**Exercise requirements**
Leave the images out and repeat the data exactly as given.

**Given data**
· · · · · · ·

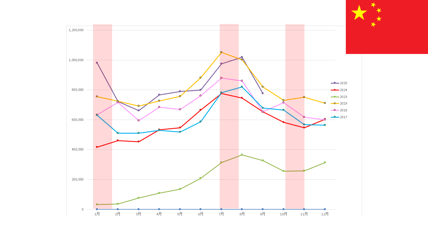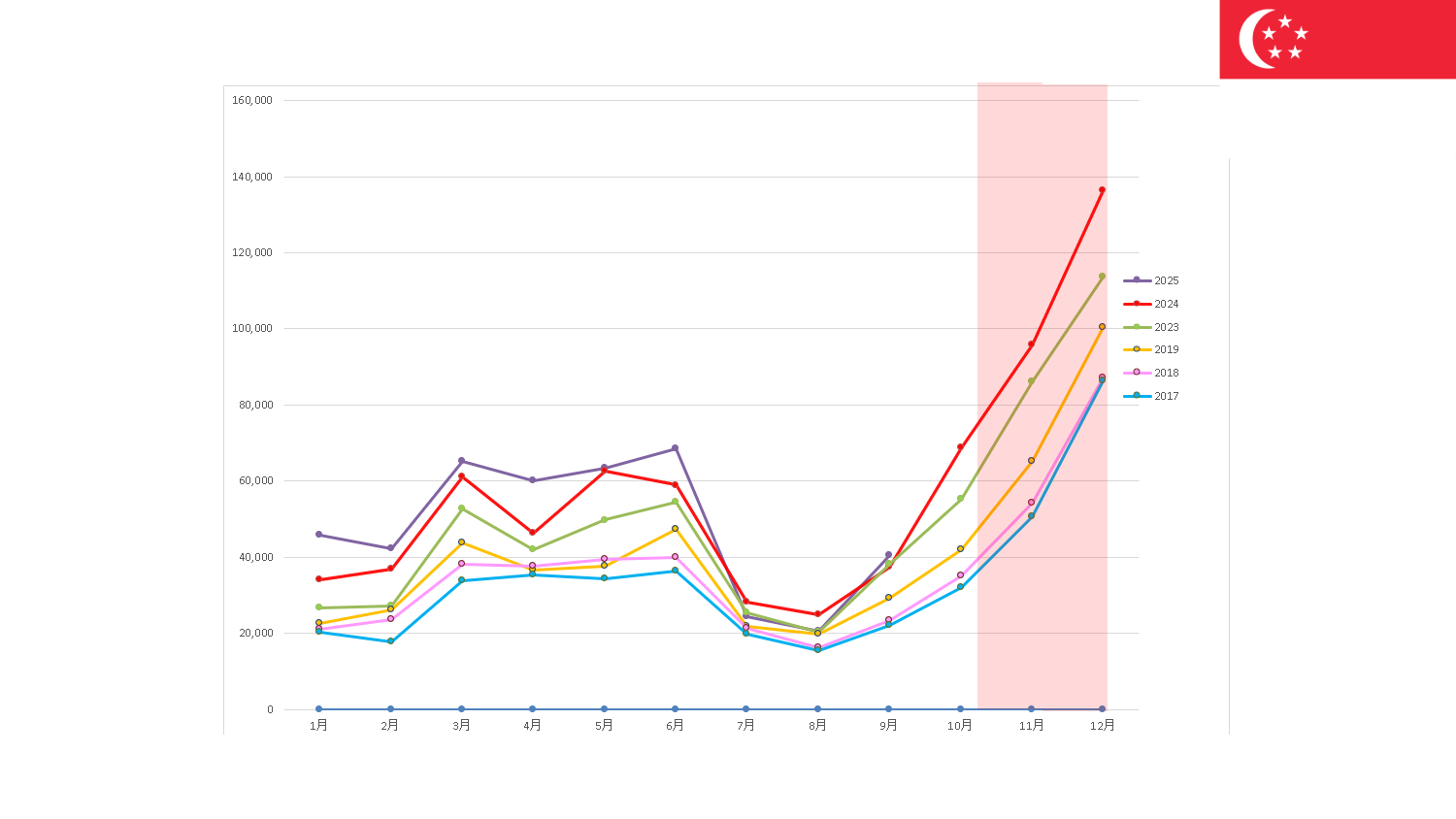 コロナ前の2019年までの傾向でも、訪日シンガポール人が最も増加するのは12月でした。一方で、8月に訪日客が減少する点で、元々暑い場所から他の暑い場所に旅行するのを好まないです。2023年には、コロナ前を上回る訪日者数を記録し、過去最高を更新しました。2025年の来日パターンが変わっていないですが、少しずつ人数が増えていることが明らかです。
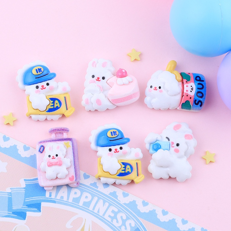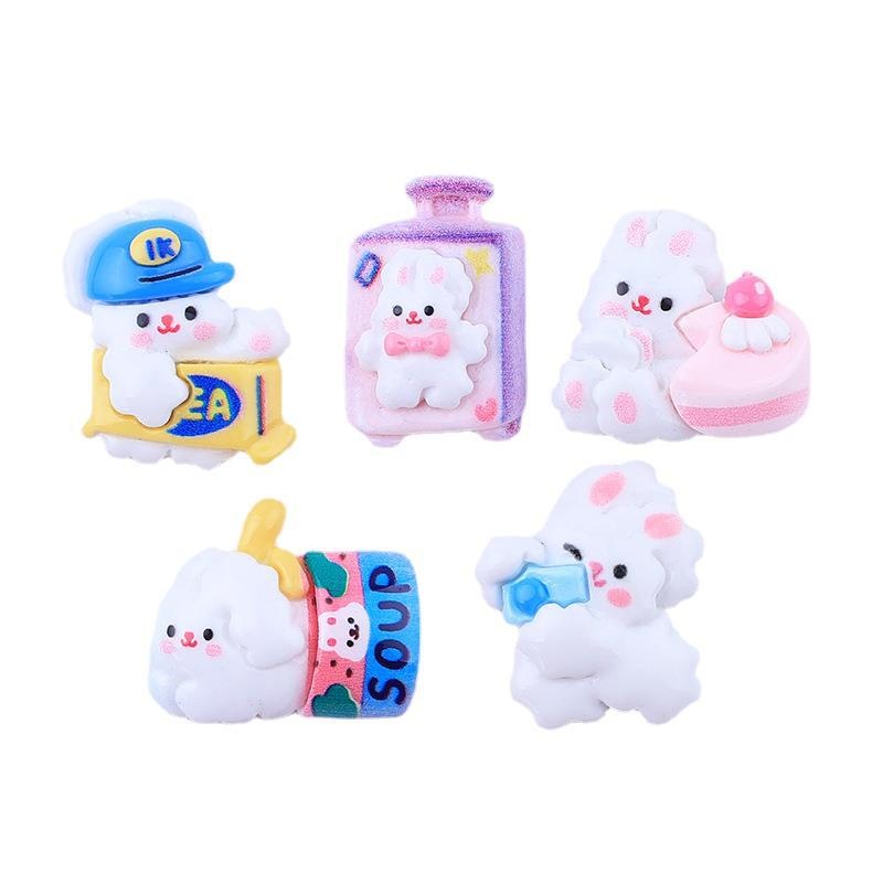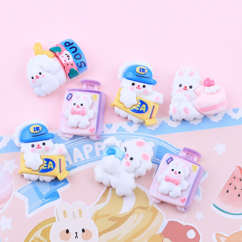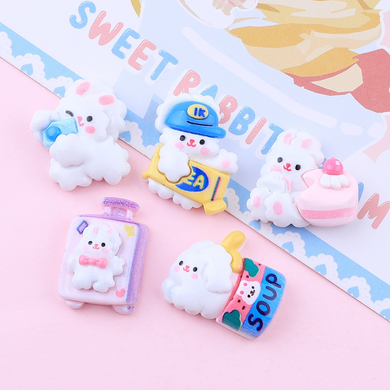 Shiny Little White Rabbit Cute DIYCream Glue Homemade Mobile Phone Case Refrigerator Magnet Hairpin Jewelry Resin Accessories
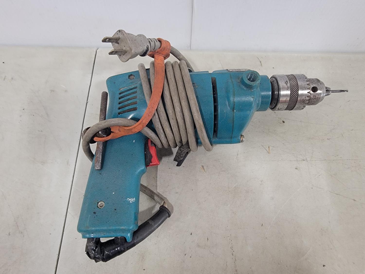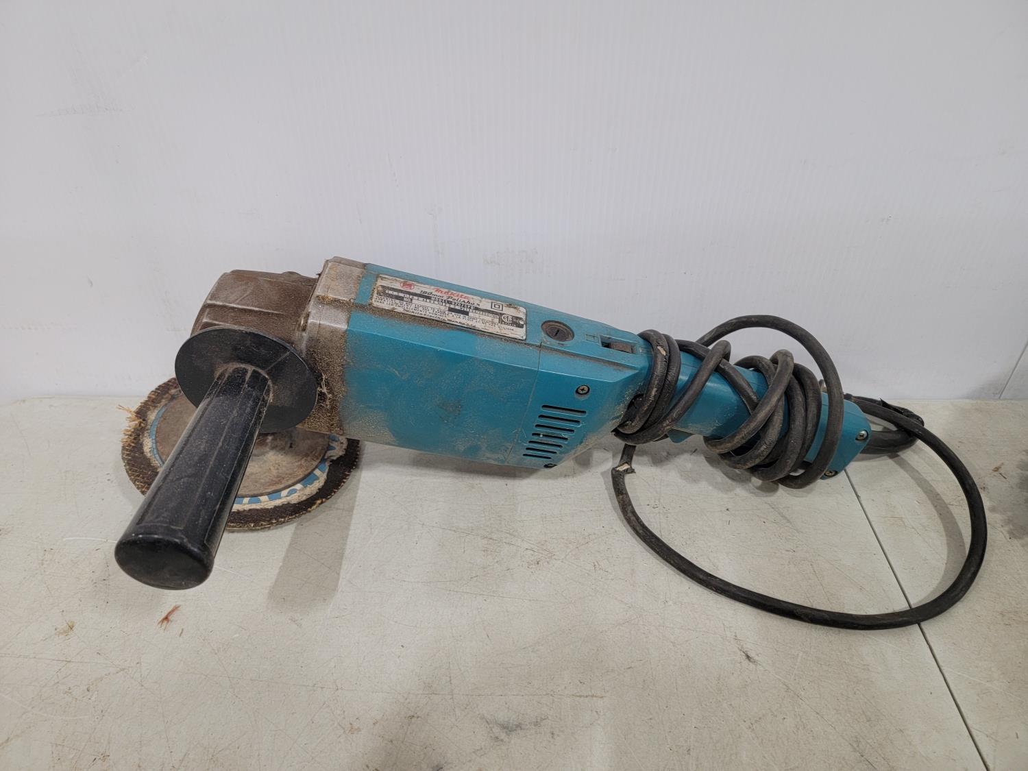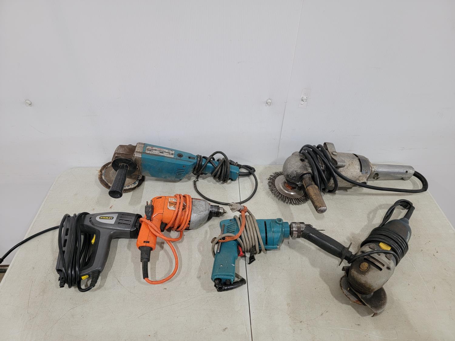 Makita 180 mm polisher, Black & Decker 7 inch industrial sander, Mastercraft 4-1/2 inch angle grinder, (2) drills, Stanley electric stapler

· · · · · · ·

**Result for this exercise**
 コロナ前の2019年までの傾向でも、訪日シンガポール人が最も増加するのは12月でした。一方で、8月に訪日客が減少する点で、元々暑い場所から他の暑い場所に旅行するのを好まないです。2023年には、コロナ前を上回る訪日者数を記録し、過去最高を更新しました。2025年の来日パターンが変わっていないですが、少しずつ人数が増えていることが明らかです。
 Shiny Little White Rabbit Cute DIYCream Glue Homemade Mobile Phone Case Refrigerator Magnet Hairpin Jewelry Resin Accessories
 Makita 180 mm polisher, Black & Decker 7 inch industrial sander, Mastercraft 4-1/2 inch angle grinder, (2) drills, Stanley electric stapler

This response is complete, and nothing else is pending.